Provides reproducibility through: - Random Seed Control: Deterministic random number generation - Environment Capture: Record all dependencies and versions - State Snapshots: Save and restore complete training state - Configuration Tracking: Version all hyperparameters - Code Versioning: Link experiments to git commits - Data Versioning: Track dataset versions and transforms

Architecture

Reproducibility Layers

┌─────────────────────────────────────┐
│   Code Version Control              │
│   (Git commit, branch, diff)        │
└─────────────┬───────────────────────┘
┌─────────────────────────────────────┐
│   Environment Snapshot              │
│   (Python version, packages)        │
└─────────────┬───────────────────────┘
┌─────────────────────────────────────┐
│   Configuration & Seed              │
│   (Hyperparams, random seeds)       │
└─────────────┬───────────────────────┘
┌─────────────────────────────────────┐
│   Data Versioning                   │
│   (Dataset hash, transforms)        │
└─────────────────────────────────────┘

Core Concepts

Random Seed Management

import random
import numpy as np
import torch
from typing import Optional

def set_seed(seed: int, deterministic: bool = True) -> None:
    """
    Set random seeds for reproducibility.

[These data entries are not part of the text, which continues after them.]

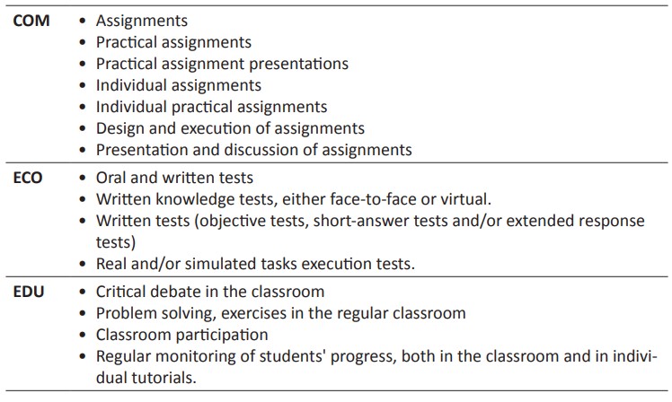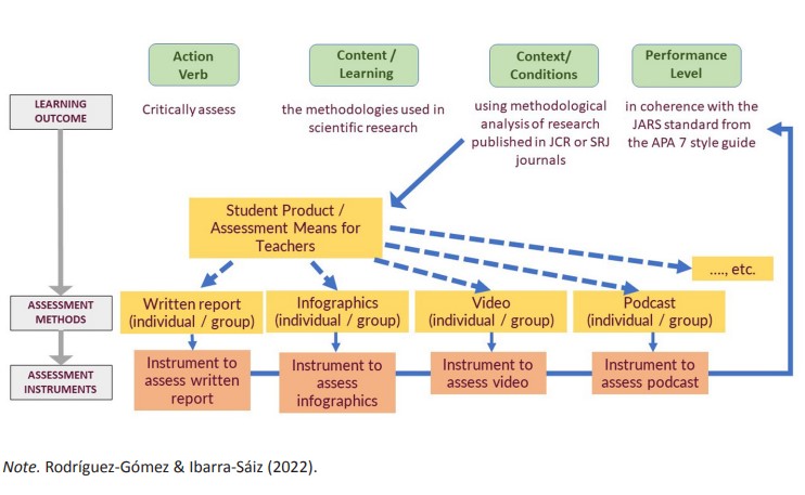 In this respect, monitoring and assessing the ILO requires assessment methods (products and actions by the students) which can be used to collect information on the assessment object, and assessment instruments that make it possible to pass judgement based on clear, known criteria to assess the level of achievement attained (Ibarra-Sáiz et al., 2023).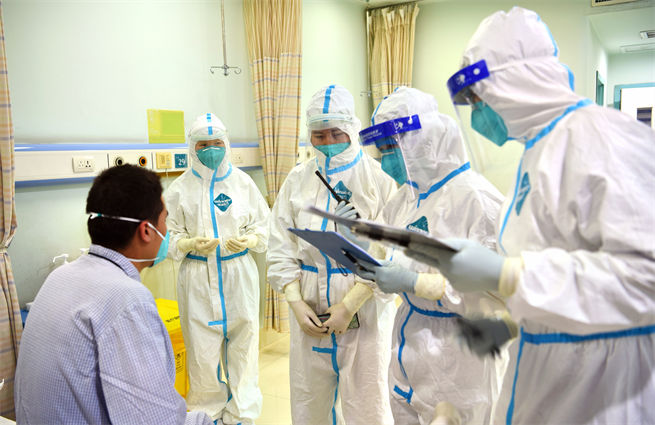 工作人員前往隔離病房對密接者展開流調(diào)。曾理/攝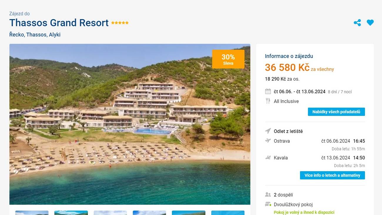 Řecko, Thassos 5* letecky na 8 dní s all inclusive od 18 290 Kč!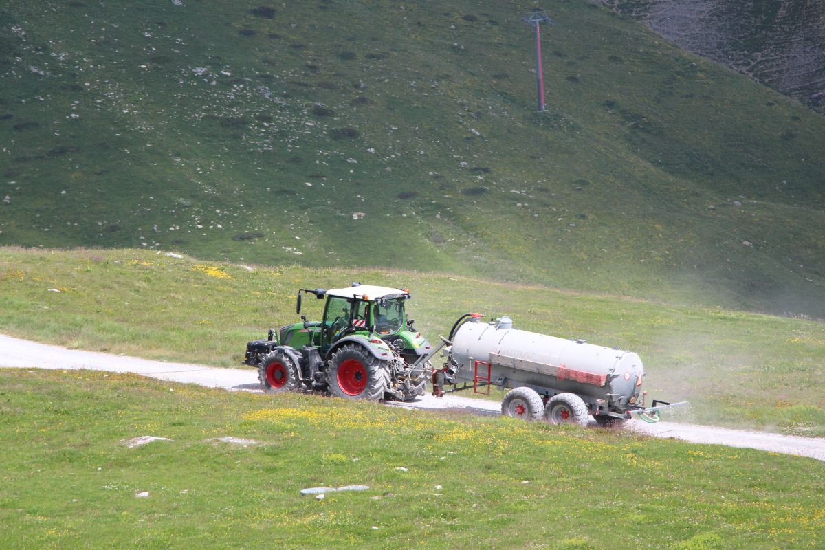 Ein Traktor mit einem Güllefass kurvt unentwegt auf den Wander- und Bikewegen von Corviglia herum. Er bewässert die Zufahrtswege zur Grossbaustelle des Lej Nair Pitschen, damit sich nicht zu viel Staub entwickelt.

    Safeguard: Validates seed value.
    Deterministic: Enables deterministic operations.

    Args:
        seed: Random seed value (non-negative integer).
        deterministic: Enable fully deterministic mode.
    """
    # Validation safeguard
    if seed < 0:
        raise ValueError(f"Seed must be non-negative, got {seed}")

    # Python random
    random.seed(seed)

    # NumPy
    np.random.seed(seed)

    # PyTorch
    torch.manual_seed(seed)
    if torch.cuda.is_available():
        torch.cuda.manual_seed_all(seed)

    # Deterministic operations
    if deterministic:
        torch.backends.cudnn.deterministic = True
        torch.backends.cudnn.benchmark = False

        # Enable deterministic algorithms (PyTorch 1.8+)
        if hasattr(torch, 'use_deterministic_algorithms'):
            try:
                torch.use_deterministic_algorithms(True)
            except RuntimeError:
                # Some operations don't have deterministic implementations
                pass

def get_random_state() -> dict:
    """
    Capture current random state.

    Returns:
        Dictionary with all random states.
    """
    return {
        "python": random.getstate(),
        "numpy": np.random.get_state(),
        "torch": torch.get_rng_state(),
        "cuda": torch.cuda.get_rng_state_all() if torch.cuda.is_available() else None,
    }

def set_random_state(state: dict) -> None:
    """
    Restore random state.

    Safeguard: Validates state dictionary.
    """
    if "python" not in state:
        raise ValueError("Invalid state dictionary")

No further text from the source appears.